== Records supplied ==
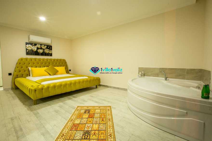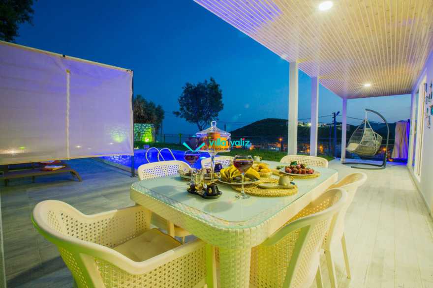 Fotoğraflar da görüldüğü gibi korunaklı kiralık villamız sade ve şık bir mimariye sahiptir. İçerisinde kaliteli eşyalar kullanılmış olup, siz değerli misafirlerimizin rahatlığı için her şey ince ayrıntısına kadar düşünülmüştür.
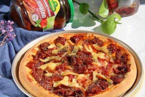 披萨的馅料千变万化,这道是腌番茄蛤蜊披萨,鲜活的蛤蜊用沸水烫至开口后取出蛤蜊肉,经过烘烤之后,鲜嫩的蛤蜊肉会变的肉质有嚼劲,喜欢吃蛤蜊的可以多加一点,我这个有点少了。再加上腌番茄的酸甜味,这种复合的味道也就是在吃披萨的时候才能品尝到。喜欢的就收着,详细做法请往下看。
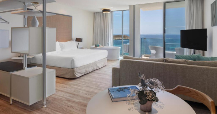 Camerele elegante beneficiază de vedere spre mare sau piscină, oferind un decor contemporan și dotări moderne. Oaspeții se pot bucura de două piscine exterioare, inclusiv una infinity cu vedere panoramică spre Mediterană, precum și de un restaurant principal cu preparate internaționale și specialități mediteraneene.
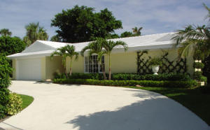 Wonderful sunny south side tripical property with fruit trees. Professionally renovated and decorated. Saturnia marble floors throughout and a newer kitchen with granite counters and a viking gas stove. Each bedroom has a separate new bathroom. Most every room looks on to a pretty pool,gardens and a large outdoor covered patio. Full two car garage. Great beach access right up the street.
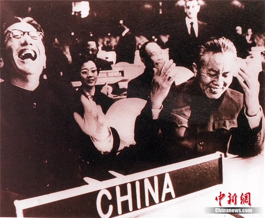 1971年10月25日,联合国大会全体会议高票通过《恢复中华人民共和国在联合国的合法权利》的决议,乔冠华(左)和黄华(右)在联大中国代表席上。中新社发

== Directions for this task ==
Could you repeat each line above exactly as written? Omit the pictures.

== Exercise solution ==
 Fotoğraflar da görüldüğü gibi korunaklı kiralık villamız sade ve şık bir mimariye sahiptir. İçerisinde kaliteli eşyalar kullanılmış olup, siz değerli misafirlerimizin rahatlığı için her şey ince ayrıntısına kadar düşünülmüştür.
 披萨的馅料千变万化,这道是腌番茄蛤蜊披萨,鲜活的蛤蜊用沸水烫至开口后取出蛤蜊肉,经过烘烤之后,鲜嫩的蛤蜊肉会变的肉质有嚼劲,喜欢吃蛤蜊的可以多加一点,我这个有点少了。再加上腌番茄的酸甜味,这种复合的味道也就是在吃披萨的时候才能品尝到。喜欢的就收着,详细做法请往下看。
 Camerele elegante beneficiază de vedere spre mare sau piscină, oferind un decor contemporan și dotări moderne. Oaspeții se pot bucura de două piscine exterioare, inclusiv una infinity cu vedere panoramică spre Mediterană, precum și de un restaurant principal cu preparate internaționale și specialități mediteraneene.
 Wonderful sunny south side tripical property with fruit trees. Professionally renovated and decorated. Saturnia marble floors throughout and a newer kitchen with granite counters and a viking gas stove. Each bedroom has a separate new bathroom. Most every room looks on to a pretty pool,gardens and a large outdoor covered patio. Full two car garage. Great beach access right up the street.
 1971年10月25日,联合国大会全体会议高票通过《恢复中华人民共和国在联合国的合法权利》的决议,乔冠华(左)和黄华(右)在联大中国代表席上。中新社发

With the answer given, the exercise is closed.